Exercise directions:
Set out exactly every line of the entries below, starting at the line that holds "1928年同记工厂扩建成四层" and stopping after the line that holds "U NASTAVKU SU".

Supplied records:
--- START ---

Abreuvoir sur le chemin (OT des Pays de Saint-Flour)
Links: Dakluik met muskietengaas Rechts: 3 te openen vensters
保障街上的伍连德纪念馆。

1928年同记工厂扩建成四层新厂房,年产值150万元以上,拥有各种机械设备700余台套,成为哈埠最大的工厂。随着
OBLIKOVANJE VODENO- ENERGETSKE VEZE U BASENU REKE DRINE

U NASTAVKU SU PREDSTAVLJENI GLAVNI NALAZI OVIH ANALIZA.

--- END ---
--- START ---

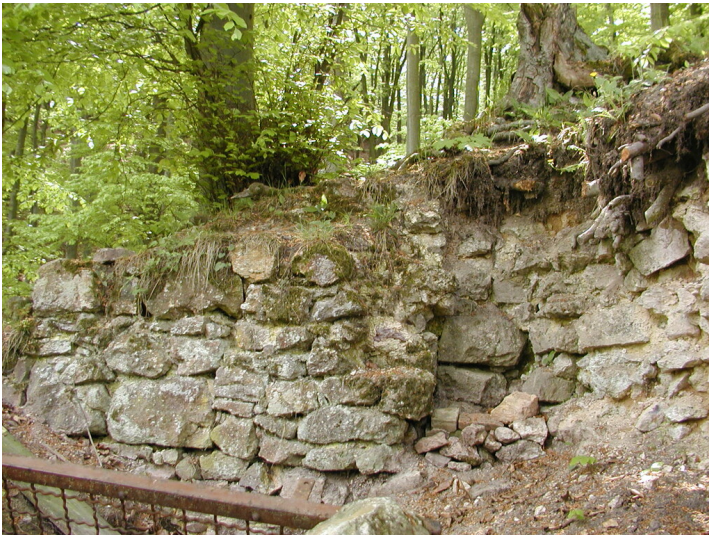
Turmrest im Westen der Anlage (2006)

--- END ---
--- START ---

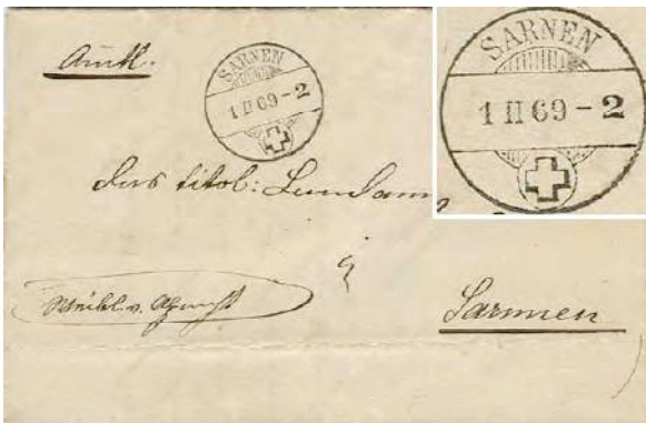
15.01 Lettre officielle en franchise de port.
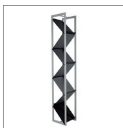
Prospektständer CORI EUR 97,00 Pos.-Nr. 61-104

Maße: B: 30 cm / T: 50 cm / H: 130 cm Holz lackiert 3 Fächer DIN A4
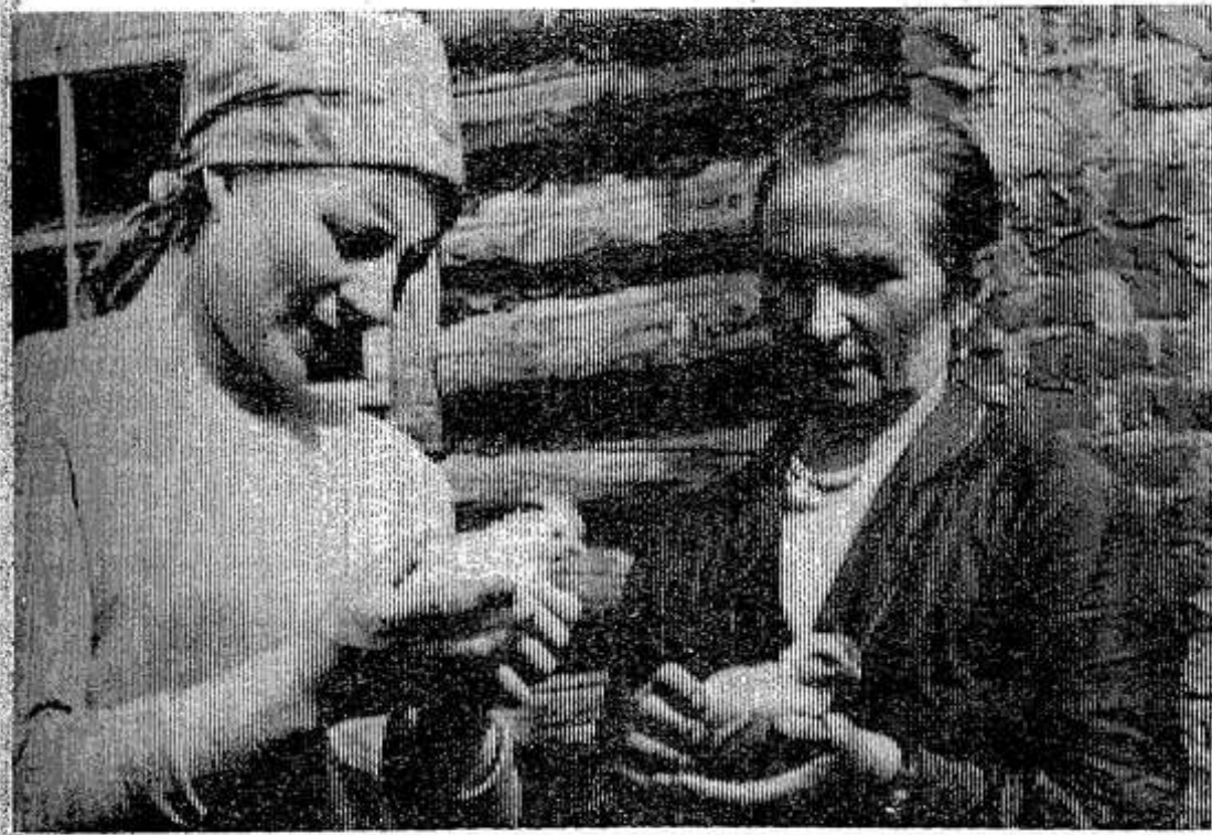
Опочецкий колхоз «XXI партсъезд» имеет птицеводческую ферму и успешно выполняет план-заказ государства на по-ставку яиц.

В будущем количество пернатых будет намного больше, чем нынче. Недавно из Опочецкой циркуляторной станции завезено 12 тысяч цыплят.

--- END ---

Result:
1928年同记工厂扩建成四层新厂房,年产值150万元以上,拥有各种机械设备700余台套,成为哈埠最大的工厂。随着
OBLIKOVANJE VODENO- ENERGETSKE VEZE U BASENU REKE DRINE

U NASTAVKU SU PREDSTAVLJENI GLAVNI NALAZI OVIH ANALIZA.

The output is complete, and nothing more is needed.